Family Relationships

              There are no family relationships among any of our directors or executive officers.

Board Composition and Election of Directors

              Our board of directors is currently composed of nine members. Our certificate of incorporation, as currently in effect, provides for one director to be elected by the holders of our common stock, or the Common Director, two directors to be elected by the holders of our Series A convertible preferred stock, or the Series A Directors, one director to be elected by the holders of our Series B convertible preferred stock, or the Series B Director, one director to be elected by the holders of our Series E convertible preferred stock, or the Series E Director, and one director to be elected by the holders of our Series F convertible preferred stock, or the Series F Director.

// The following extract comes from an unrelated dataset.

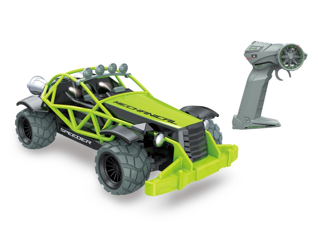 Bugina Speeder RC na dálkové ovládání. Velikost 22 cm. Frekvence 2.4GHz. Pistolový ovladač. Světelné efekty. 4xAA baterie do auta, 2xAA do ovladače nejsou součástí. Přepínač ON/OFF na spodní straně buginy a na ovladači.Doplňkové parametry

Pursuant to our fifth amended and restated voting agreement, or the Voting Agreement, by and among us, the Timothy P.

124


Table of Contents

Herbert 2013 Family Irrevocable GST Trust U/A/D November 27, 2013 and each holder of our convertible preferred stock, each party thereto agreed to vote all shares of common stock or the applicable class of convertible preferred stock, as the case may be, beneficially owned or controlled by such party, to cause the nomination and election of our then-serving chief executive officer as the Common Director, a designee of U.S. Venture Partners IX, L.P. and a designee of Kleiner Perkins Caufield & Byers as the Series A Directors, a designee of Synergy Life Science Partners, LP as the Series B Director, a designee of OrbiMed Private Investment V, L.P. as the Series E Director and a designee of Amzak Health Investors, LLC as the Series F Director. Each party to the Voting Agreement also agreed to vote all shares of common stock and convertible preferred stock beneficially owned or controlled by such stockholder to cause the nomination and election of three individuals designated by a majority of the Common Director, the Series A Directors, the Series B Director, the Series E Director and the Series F Director who are not our employees or officers, which we refer to as the Industry Directors. In accordance with the Voting Agreement, Mr. Herbert was elected as the Common Director, Messrs. Tansey and Mead were elected as the Series A Directors, Mr. Jain was elected as the Series B Director, Mr. Khuong was elected as the Series E Director, Ms. Erony was elected as the Series F Director and Ms. Nelson, Dr. Griffin and Mr. McCormick were elected as the Industry Directors.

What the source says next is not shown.